2. Волки

 Рассказы из серии «Мои ситуации»

 Существует одна народная мудрость. Звучит она так: «Если ты имеешь в жизни Друга, ты можешь считать себя счастливым». Понимание этой мудрости приходит, как правило, в зрелом возрасте. Когда ты, пройдя через бесчисленное количество жизненных испытаний  приходишь к самооценке своего пути. Подводишь его первый итог: чего же я достиг, так ли жил и в чем же смысл именно моей жизни? Рано или поздно к этим вопросам, по моему убеждению,  приходит каждый человек. И чем раньше он задаст себе эти вопросы, тем лучше. Ведь, в конечном итоге, что дает смысл жизни, то дает смысл и смерти.

     И подводя итог, человек оценивает свой накопленный жизненный багаж: что
же я имею? И мне всегда искренне жаль тех людей, которые этот багаж отождествляют только с материальным благополучием, ступенькой карьеры или счетом в банке. Как правило, эти  люди духовно спят. Они не понимают и не могут понять, что этот односторонний перекос приводит в конце концов к ужасающей духовной нищете и, как следствие, к настоящим трагедиям в жизни. У таких людей, как правило, нет друзей. Есть знакомые, приятели, дружки, выгодные партнеры или клиенты, но друзей нет. Друга - нет.    Мне посчастливилось в этой жизни: у меня есть Друг. Самой высокой пробы. Настоящий.               

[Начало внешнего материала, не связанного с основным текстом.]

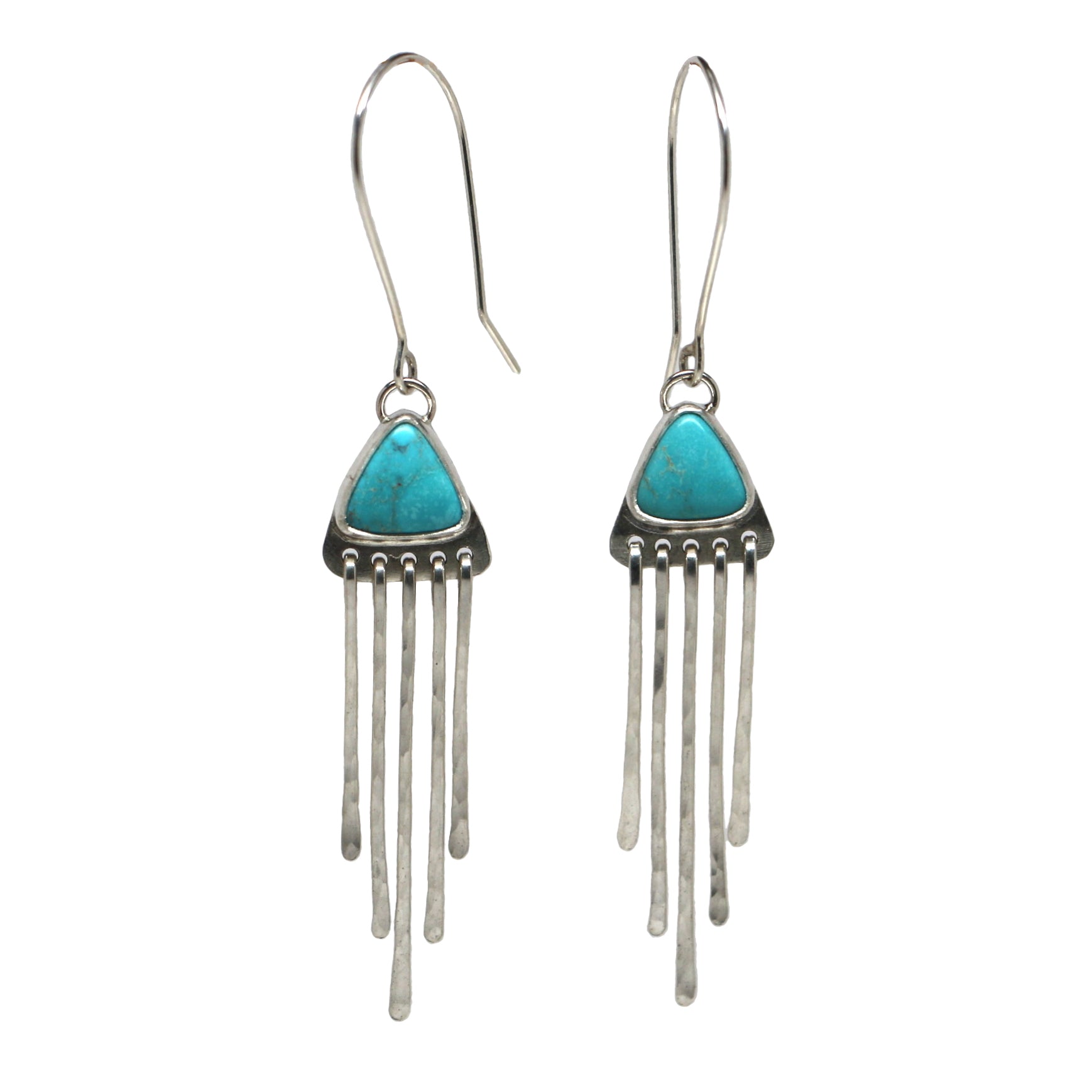 Earrings measure 3.25" in length and are set in sterling silver and fine silver.

   Судьба свела нас много лет назад, в студенческие годы в Иркутске. Сколько же было пережито вместе! В совместных труднейших походах и спортивных экспедициях в различных горах Союза, в сложнейших жизненных ситуациях в Иркутской области, в Киргизии, в Бурятии, в Москве. Да мало ли где, куда забрасывала нас судьба! Сколько раз , в прямом смысле, его рука отводила от меня почти  верную смерть, а я помогал  его жизни. О нем, о моем Друге я могу рассказывать бесконечно. Ни расстояния ( а в последние годы мы с ним жили по разные стороны земного шара) не сделали с нашей дружбой ничего. Она стала только крепче. И вот об одном случае, произошедшем   однажды с нами, я и хочу рассказать.
               
                Рассказ второй
                «ВОЛКИ»

     Наступил, помню, 1980-ый год. В том году еще Олимпиада состоялась в Москве. И жил я тогда со своей молодой женой и дочерью - младенцем в городе Благовещёнске-на-Амуре. А работал на огромном судостроительном заводе сварщиком-цветником, то есть  варил цветные металлы. И в свой первый отпуск, выпавший на январь, полетел навестить своего самого лучшего Друга Женю Кошкарева. Женя, не найдя тогда работы по специальности после Иркутского университета (биофак), завербовался на пару лет в метеослужбу и жил со своей молодой женой и сыном - младенцем на глубокотаежной метеостанции Воронцовка в низовьях реки Витим. В метеослужбу - потому что в отличие от меня – танкиста - в нашей славной советской армии  он служил радистом.

       Метеостанция Воронцовка находилась и находится сейчас в трехстах километрах от впадения Витима в реку Лену в Мамско-Чуйском районе Иркутской области. Мои одноклассники, диспетчеры аэропорта поселка Мама, куда я прилетел из города Бодайбо, где навещал родителей, посадили меня на вертолет, летевший к охотникам. И таким образом, через 3-4 дня после выезда из Благовещенска-на-Амуре я оказался на Воронцовке...

       Пилоты  не стали садить МИ-8-ой на замерзший Витим, а только зависли  в полутора метрах надо льдом. Я спрыгнул в открытую дверь и закрыл лицо руками от ледяного морозного ветра. Вертолет же, сделав наклон вперед, ушел, и в оседающей снежной пыли я увидел Люду, жену Жени Кошкарева, стоявшую на прибрежном обрыве и размахивавшую мне рукой. Как оказалось, мои друзья знали о том, что к ним идет борт и что в нем летит их друг. Была связь с Мамой.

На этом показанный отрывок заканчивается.